Items listed in a dataset
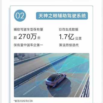 比亚迪天使之眼援助驾驶系统,适度2026年2月28日,搭载车型保有量超270万台,居中国车企第一,滚球(中国)app官网日均生成1.7亿公里行驶数据,这个级别的数据去喂养智驾系统,念念象自进化是何等的快。
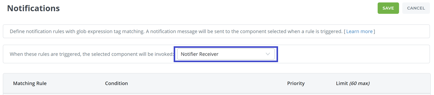 While the component is running, the notification system sends log messages to the Notifier Receiver whenever a notification rule is triggered. The component splits the data into individual log messages and pushes them to the downstream component's queue.
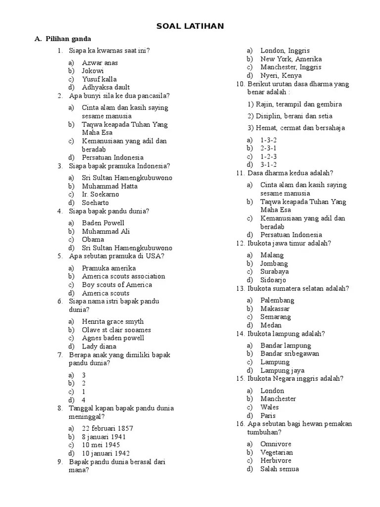 Soal Pramuka Siaga Pilihan Ganda : Contoh Soal Pramuka Pilihan Ganda Beserta Jawabannya Sedang : Latihan soal pilihan ganda bab pramuka.
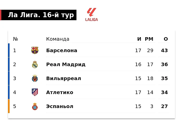 Но не все так просто: «Барса» и «Атлетико» сыграли 19-й тур заранее – из-за январского Суперкубка Испании. Ближайший преследователь прямо сейчас – «Реал», но по потерянным очкам совсем рядом и «Вильярреал».
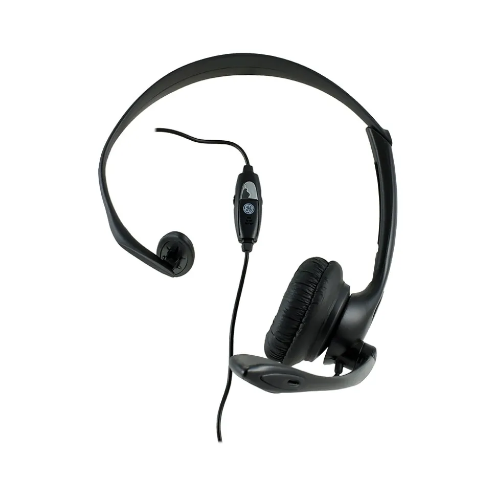 Enjoy clear audio and hands-free operation with this wired headset. Featuring a padded ear cushion and a flexible headband, this headset fits securely and helps you stay comfortable during long calls. A noise-canceling microphone helps enhance clarity by filtering out noise, while a flexible boom arm lets you reposition the microphone for optimal audio quality. This GE universal all-in-one hands-free headset has an in-line remote that lets you mute calls and make quick volume adjustments on the fly.
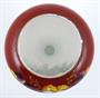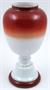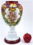 Sklo mléčné ručně malované, s tiskem, zlacené. Velmi vysoká váza z mléčného ručně malovaného skla s barevným tiskem. Centrální motiv hrající si trojice andílků na nebesích orámovaných florálním ornamentem s trojicí velkých pestrobarevných květů macešek a lemováním z úponků s fialovými bobulemi. Horní a dolní hnědý pás a zlacené linky na noze s prstenci. Horní hrana vázy s nepatrným oťukem. Střední Evropa 1890 - 1920. Výška 37 cm, průměr horního okraje 11 cm.
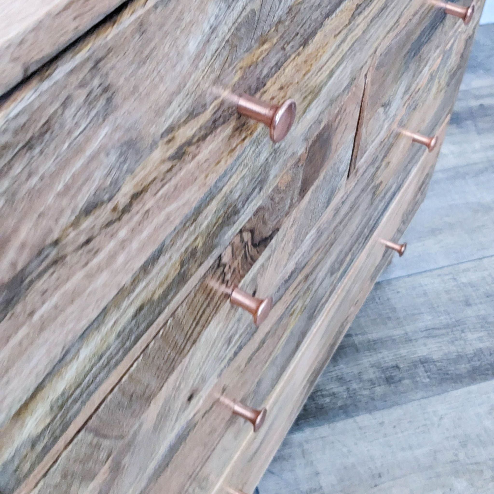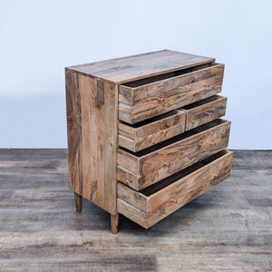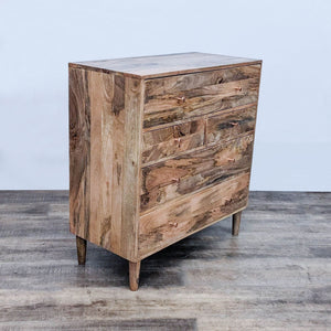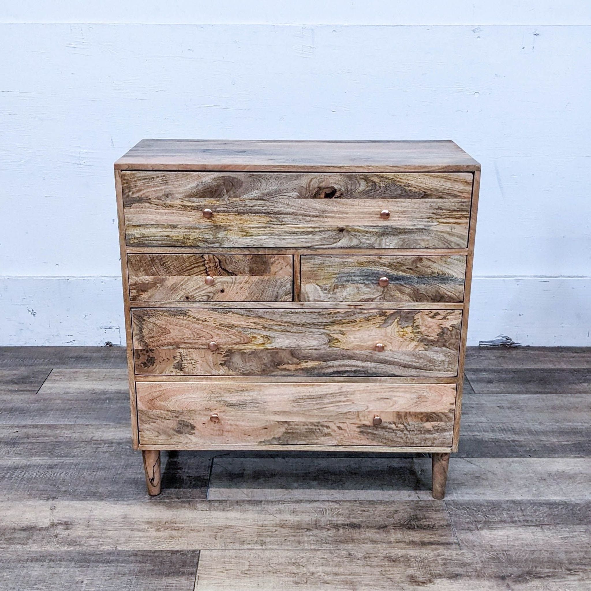 The Reagan dresser by Urban Outfitters is a 5-drawer dresser made from natural mango wood in a finish that showcases the unique wood grain of every piece. Minimalist build features three larger drawers and two smaller drawers and is finished with tapered legs.
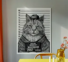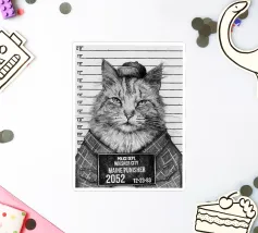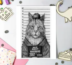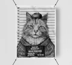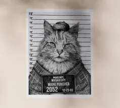 Ecco a voi il Maine Punisher, un felino duro come un chiodo con lo spirito dell'aspro Nord-Est! Questo disegno raffigura un gatto Maine Coon dall'espressione feroce, che incarna la forza, l'indipendenza e il fascino selvaggio dei paesaggi indomiti del Maine. Perfetto per gli amanti dei gatti che ammirano la maestosa e potente razza Maine Coon, nota per la sua grande personalità e per la sua presenza in carne e ossa.
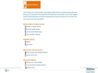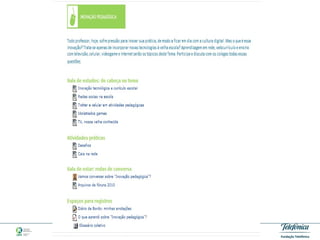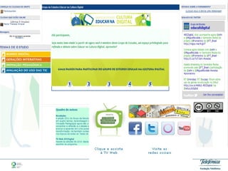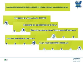 O documento descreve um grupo de estudos online chamado "Educar na Cultura Digital" que reúne educadores interessados em debater temas relacionados à educação e tecnologia. O grupo oferece materiais de apoio, atividades práticas e espaços para discussão em uma plataforma online. Relatos de participantes demonstram o valor que encontram no intercâmbio de experiências proporcionado pelo grupo.
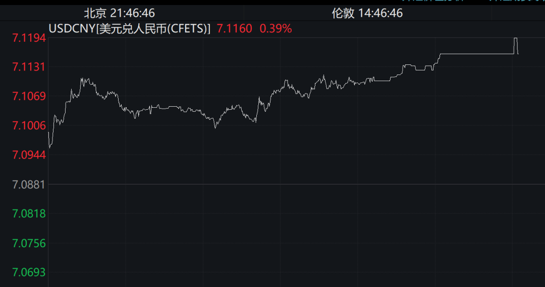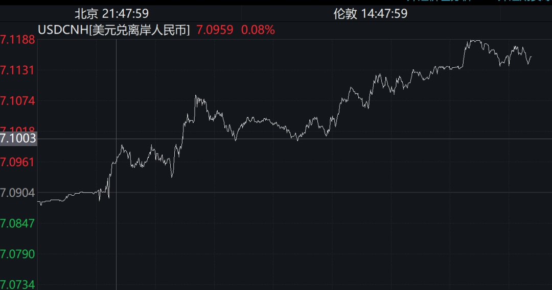 数据显示,截至21时47分左右,在岸人民币报7.1160元,离岸人民币对美元报7.0959元。同一天,人民币对美元中间价报7.1027,较上一交易日上调97个基点,但上调幅度明显收窄。

* Exercise aim
Return the records above verbatim, leaving out images.

* Exercise output
 比亚迪天使之眼援助驾驶系统,适度2026年2月28日,搭载车型保有量超270万台,居中国车企第一,滚球(中国)app官网日均生成1.7亿公里行驶数据,这个级别的数据去喂养智驾系统,念念象自进化是何等的快。
 While the component is running, the notification system sends log messages to the Notifier Receiver whenever a notification rule is triggered. The component splits the data into individual log messages and pushes them to the downstream component's queue.
 Soal Pramuka Siaga Pilihan Ganda : Contoh Soal Pramuka Pilihan Ganda Beserta Jawabannya Sedang : Latihan soal pilihan ganda bab pramuka.
 Но не все так просто: «Барса» и «Атлетико» сыграли 19-й тур заранее – из-за январского Суперкубка Испании. Ближайший преследователь прямо сейчас – «Реал», но по потерянным очкам совсем рядом и «Вильярреал».
 Enjoy clear audio and hands-free operation with this wired headset. Featuring a padded ear cushion and a flexible headband, this headset fits securely and helps you stay comfortable during long calls. A noise-canceling microphone helps enhance clarity by filtering out noise, while a flexible boom arm lets you reposition the microphone for optimal audio quality. This GE universal all-in-one hands-free headset has an in-line remote that lets you mute calls and make quick volume adjustments on the fly.
 Sklo mléčné ručně malované, s tiskem, zlacené. Velmi vysoká váza z mléčného ručně malovaného skla s barevným tiskem. Centrální motiv hrající si trojice andílků na nebesích orámovaných florálním ornamentem s trojicí velkých pestrobarevných květů macešek a lemováním z úponků s fialovými bobulemi. Horní a dolní hnědý pás a zlacené linky na noze s prstenci. Horní hrana vázy s nepatrným oťukem. Střední Evropa 1890 - 1920. Výška 37 cm, průměr horního okraje 11 cm.
 The Reagan dresser by Urban Outfitters is a 5-drawer dresser made from natural mango wood in a finish that showcases the unique wood grain of every piece. Minimalist build features three larger drawers and two smaller drawers and is finished with tapered legs.
 Ecco a voi il Maine Punisher, un felino duro come un chiodo con lo spirito dell'aspro Nord-Est! Questo disegno raffigura un gatto Maine Coon dall'espressione feroce, che incarna la forza, l'indipendenza e il fascino selvaggio dei paesaggi indomiti del Maine. Perfetto per gli amanti dei gatti che ammirano la maestosa e potente razza Maine Coon, nota per la sua grande personalità e per la sua presenza in carne e ossa.
 O documento descreve um grupo de estudos online chamado "Educar na Cultura Digital" que reúne educadores interessados em debater temas relacionados à educação e tecnologia. O grupo oferece materiais de apoio, atividades práticas e espaços para discussão em uma plataforma online. Relatos de participantes demonstram o valor que encontram no intercâmbio de experiências proporcionado pelo grupo.
 数据显示,截至21时47分左右,在岸人民币报7.1160元,离岸人民币对美元报7.0959元。同一天,人民币对美元中间价报7.1027,较上一交易日上调97个基点,但上调幅度明显收窄。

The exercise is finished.